Hebes Mensa is estimated to be the same age as other interior layered deposits in Mars, dating back to the Hesperian period of Mars’ history. It can be split into at least three geological units, the Lower, Upper, and Late interior layered deposit units (ILDs). The Lower and Upper ILDs make up the bulk of the mensa, whereas the Late ILD is located in the valley between Hebes Mensa and the northern wall of the surrounding chasm. The Lower ILD underwent shallow folding. All layers are believed to have been shaped by past glacial activity, and ash falls are thought to have played an important role as well.

The Lower ILD encompasses the materials at elevations from -3.7 to -1.4 km, and the Upper ILD ranges from -1.4 to 3.8 km. The Upper ILD has regions both light and dark in tone, although in general it is lighter than the Lower ILD. Yardangs are found in the Upper ILD. The Late ILD ranges over an area of 700 km2, and can be found in elevations ranging from -2.8 to -0.1 km. It contains hummocks and polygons, which are not typically found in the other units. The Late ILD only partially overlaps Hebes Mensa proper, although what remains is completely contained in Hebes Chasma.

There have been at least 4 major landslides from the mesa. These past landslides have left scars, exposing the insides of the feature that are similar in composition to the outer layers. This lends confidence to deductions that have been made using outer layer geology. One such deduction is based on the presence of both mono- and poly-hydrated sulfates (with a transition between the two occurring between elevations 800 and 900 m); their thorough presence implies that the mensa could have been saturated with water at the time of its formation.

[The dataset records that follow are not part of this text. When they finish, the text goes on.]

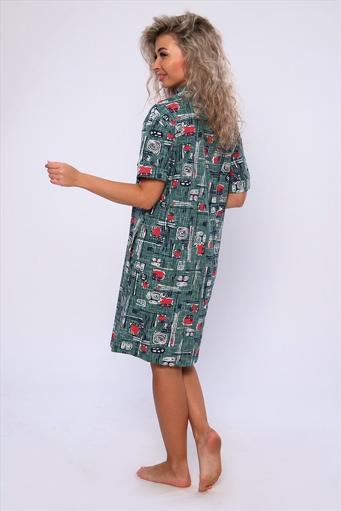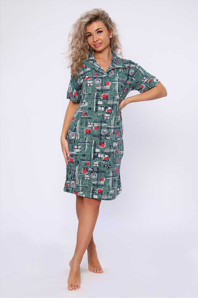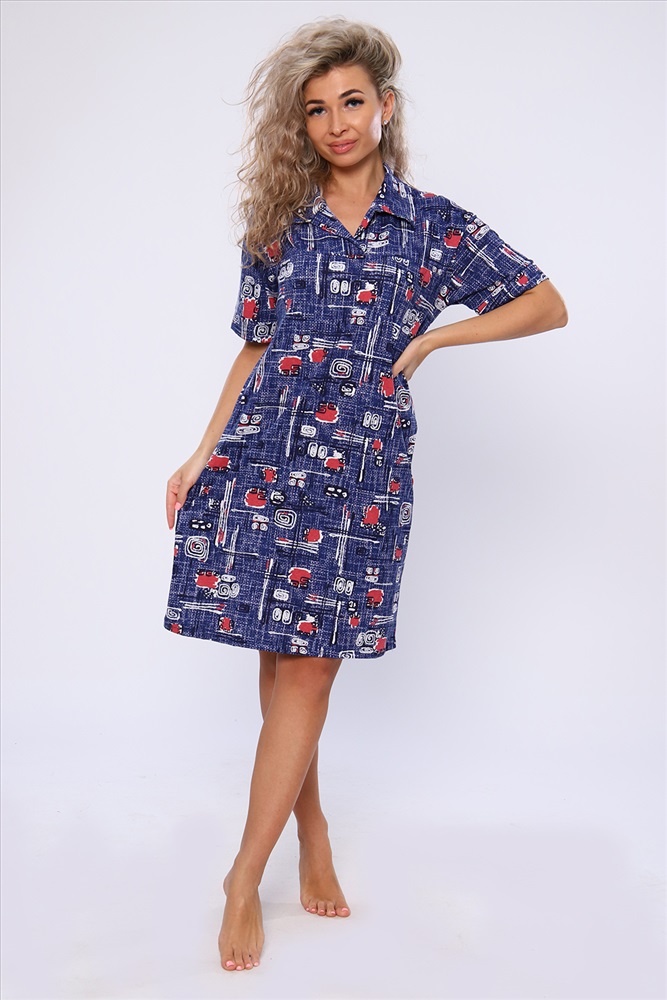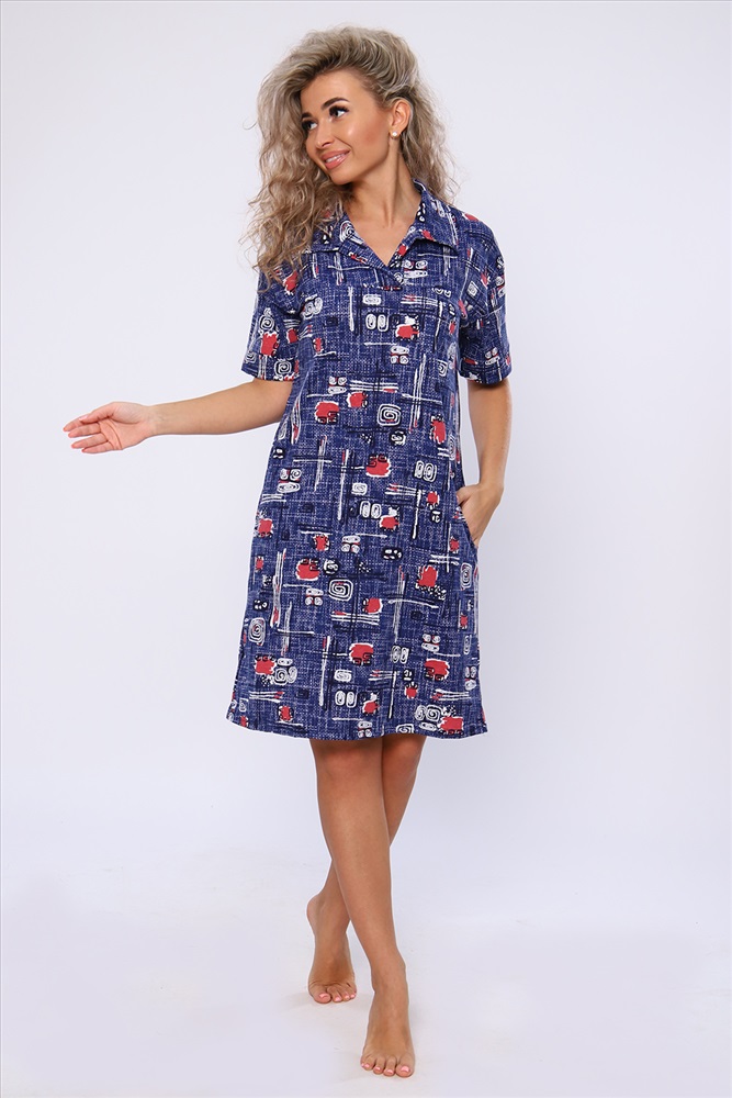 Состав: 100% хлопок Модель: Платье 59111 Тип товара: платье Материал: кулирка | кулирка Бренд: Натали Суслова Длина: средняя длина Карман: боковые Назначение: для дачи | для дома Отделка: с карманами | с манжетами Рисунок: разное Рукав: короткий рукав Сезонность: лето | осень | весна | зима Силуэт: полуприлегающий Стиль: домашний Воротник: рубашечный воротник Застежка: без застежки Платье полуприлегающего силуэта с короткими рукавами на манжетах, рубашечным воротником и боковыми карманами. Неотъемлемый элемент домашнего гардероба. Таблица размеров и веса
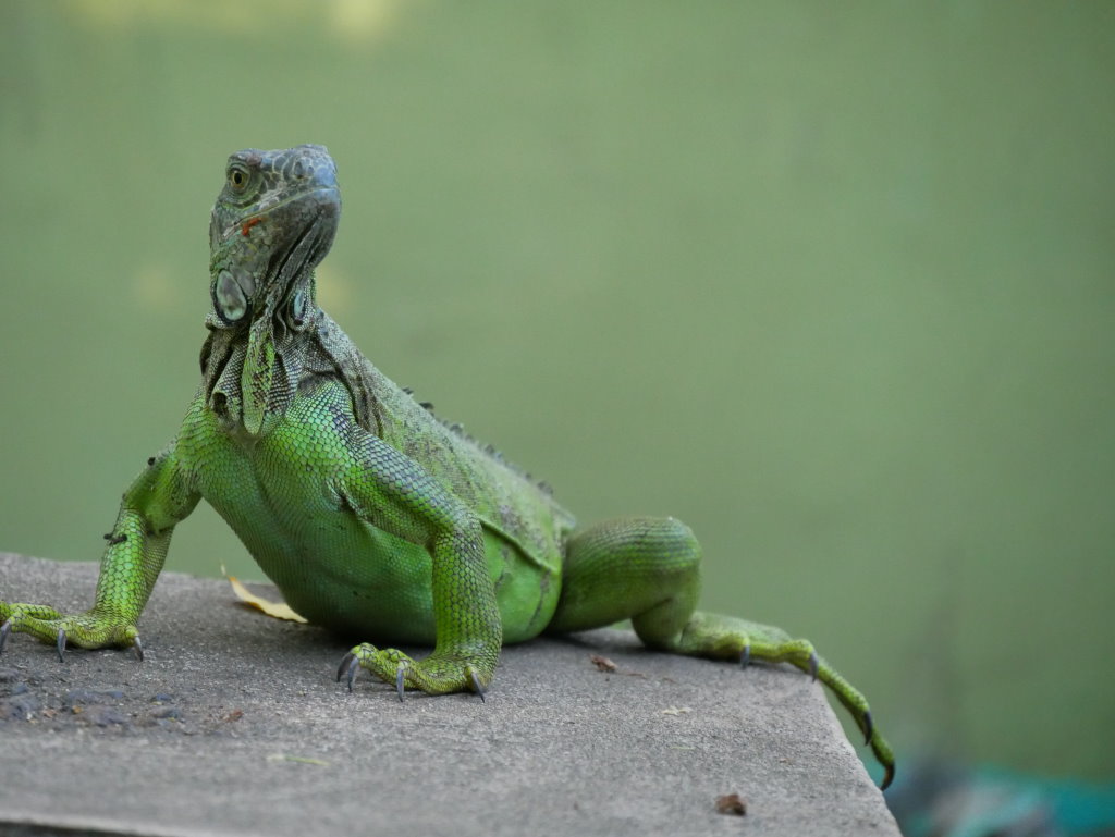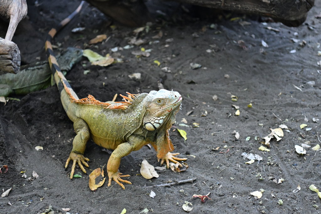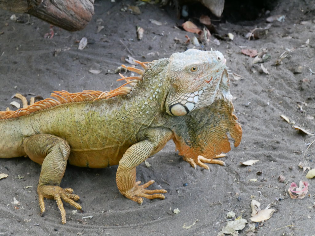 Nicht gefährdet und eher als willkommene weitere Gäste der Anlage werden einige Leguane (Iguana) verköstigt. Die in Orangetönen leuchtenden Männchen bzw. grün schillernden Weibchen und Jungtiere haben wir schon bei unserer Reise im letzten Winter in Guatemala und Belize in den Bäumen an den Flussufern beobachten können.
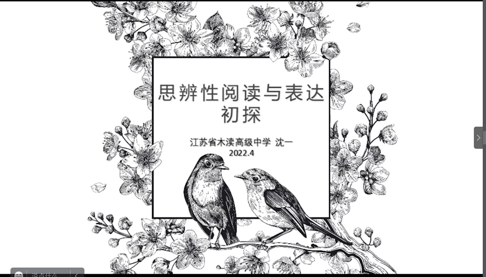 顾玲珍(甪直高级中学):在本次的名师工作室线上活动中,有幸聆听了沈老师和杨老师两位老师的微讲座,感受到了她们的“新课程、新理念、新思路”,对教育教学的探索与实践。沈老师的讲座《思辨性阅读与表达初探》,首先明确“思辨性阅读与表达”是普通高中语文课程标准、语文课程结构的重要内容,然后她从单篇教学、整本书阅读、群文阅读的角度具体谈了如何落实思辨性阅读与表达,特别强调“分析与实证是思辨性阅读的基本功”,给了我很大的启示。杨老师的《浅谈三新背景下高中语文作业设计》,通过作业的设计,培养学生创设情境,学会真实表达的能力;学会归纳总结,提高学生的思维品质。两位老师的讲座,为我以后的教育教学指明了方向,提供了非常好的借鉴。
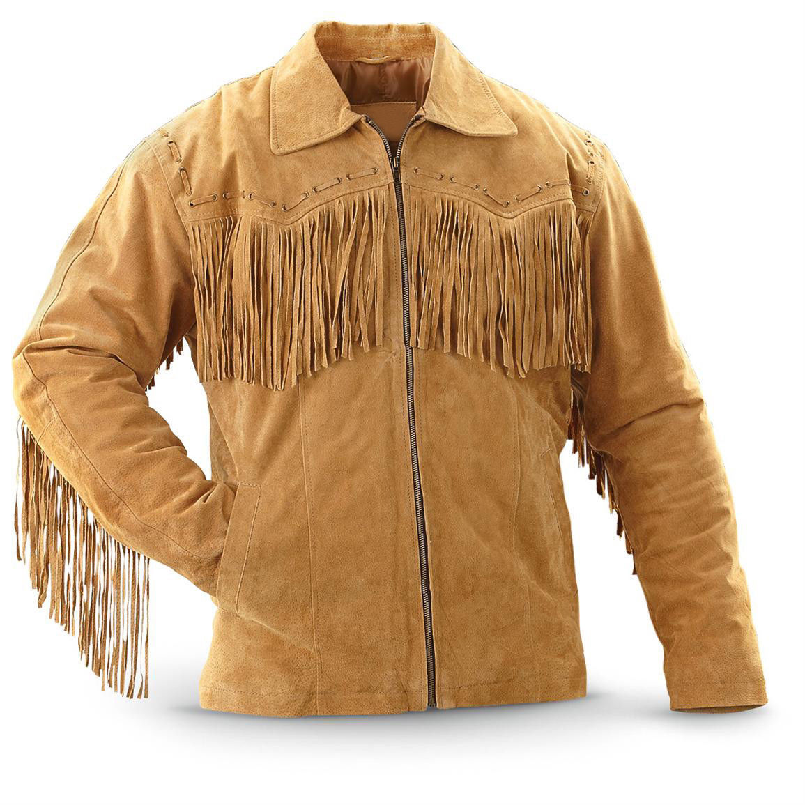 New Handmade Cowboy Men's Tan Western Cow Leather Fringed Coat
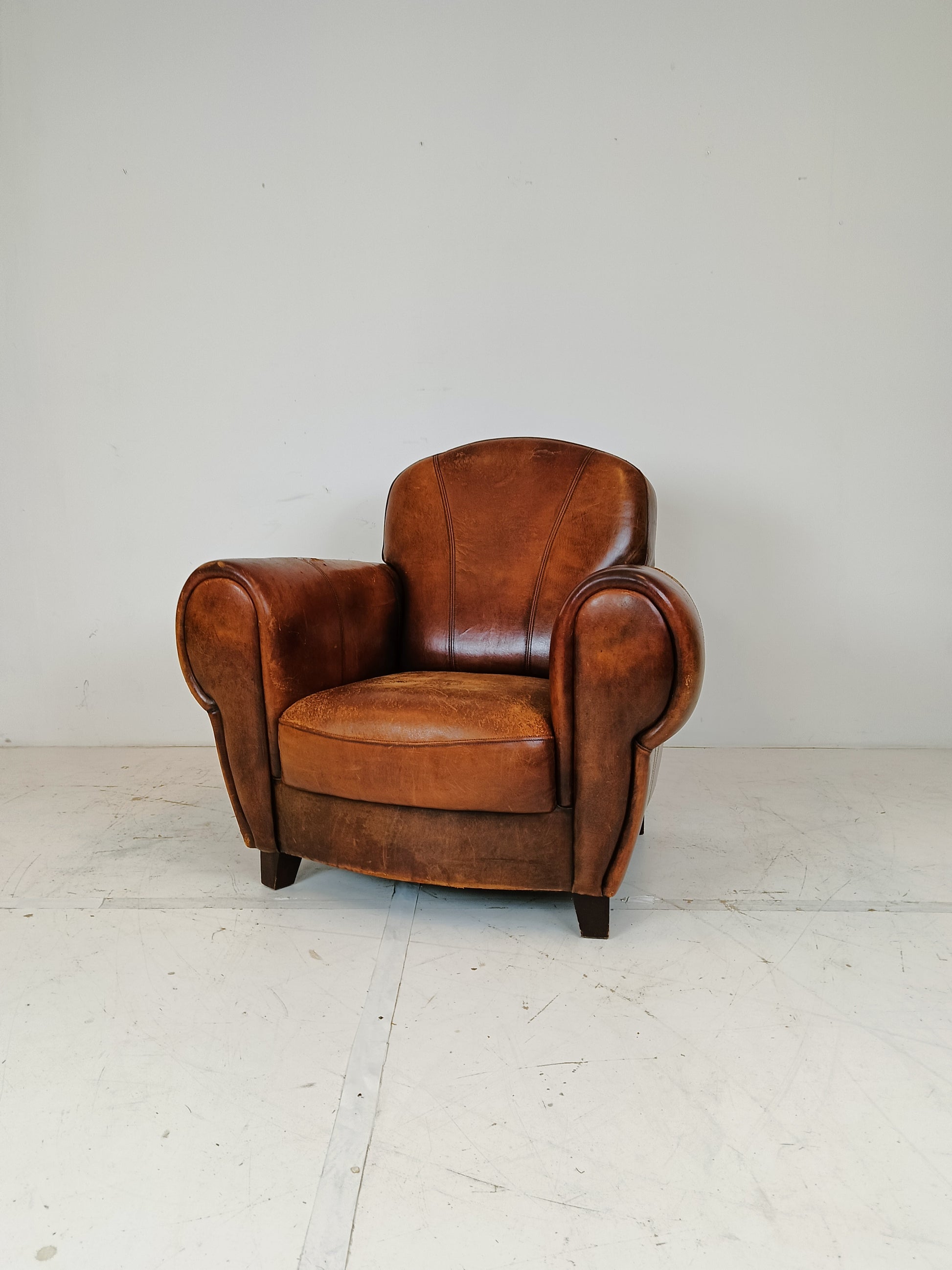 Not much words needed for this beauty. Classic sheep leather club chair. Signs of patina, shown on pictures. Original maker Joris, Dutch.

The central mound has a shallow slope of only 3°. The northern slopes have an average incline of 17°, whereas the southern slops are steeper, with an average incline of 27°. The northern side has undergone more erosion, and yardangs are more prevalent there. In the northeast, there are many wrinkle ridges, and to the west are many parallel faults. There are not many faults in the southern plateau.